Así comienza un artículo cuya redacción está inacabada, ocupando una carpeta de archivos en mi computadora. Se enviaría a una publicación periódica centrada en la lectura en la escuela; sin embargo, en el momento de la invitación, el tiempo limitado no permitía enviarlo al consejo editorial de la revista. Como llevo muchos años enseñando comunicación y semiótica en la Facultad de Tecnología del Estado de São Paulo y persisto, en mi plan de trabajo, en incluir obras universales (prosa clásica que, por regla general, no asusta a los estudiantes recién graduados a primera vista/los de la escuela secundaria debido al gran número de páginas), consideré plausible gastar notas en Fahrenheit 451.
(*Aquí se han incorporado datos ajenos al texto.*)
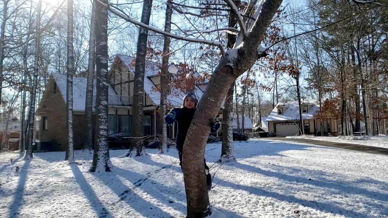 A young boy throws a snowball to the camera in a yard, and the camera goes black. Slow motion.
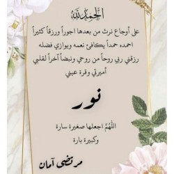 رُزق الشاب مرتضى مهدي أمان بمولودة اتفق وحرمه على تسميتها«نور». أسرة ”جهينة الإخبارية“ تبارك له على المولودة جعلها الله من مواليد السعادة واقر الله بها عين والديها. ‏ ...
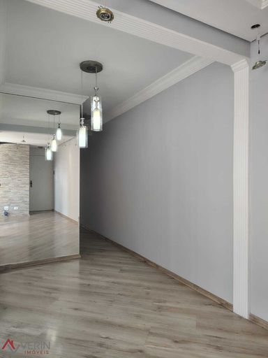 Apartamento reformado com 3 dormitórios, sendo 1 com ar condicionado, 1 banheiro e 1 vaga de garagem coberta. Sala com sanca e piso laminado, cozinha com móveis e coifa. Condomínio com área de lazer para toda a família.

El nombre (continúo) confiado al género tiene el prefijo “dis” en su raíz; Se refiere, pero en sentido contrario, al concepto desarrollado por Thomas Morus en La utopía (1516). Si en el relato del filósofo renacentista el personaje de Rafael se anima, como ingenioso orador, a hablar ininterrumpidamente de cierta comunidad que lo acogió durante cinco años, allí las relaciones de convivencia se basan en protocolos éticos, basados en principios de igualdad y respeto. , a través de leyes justas, sin privilegios para grupos o individuos particulares–, la distopía desperdicia, contrariamente a estos paradigmas, el caos y las condiciones nocivas resultantes de la autocracia y la mala gobernanza que pesan sobre el colectivo.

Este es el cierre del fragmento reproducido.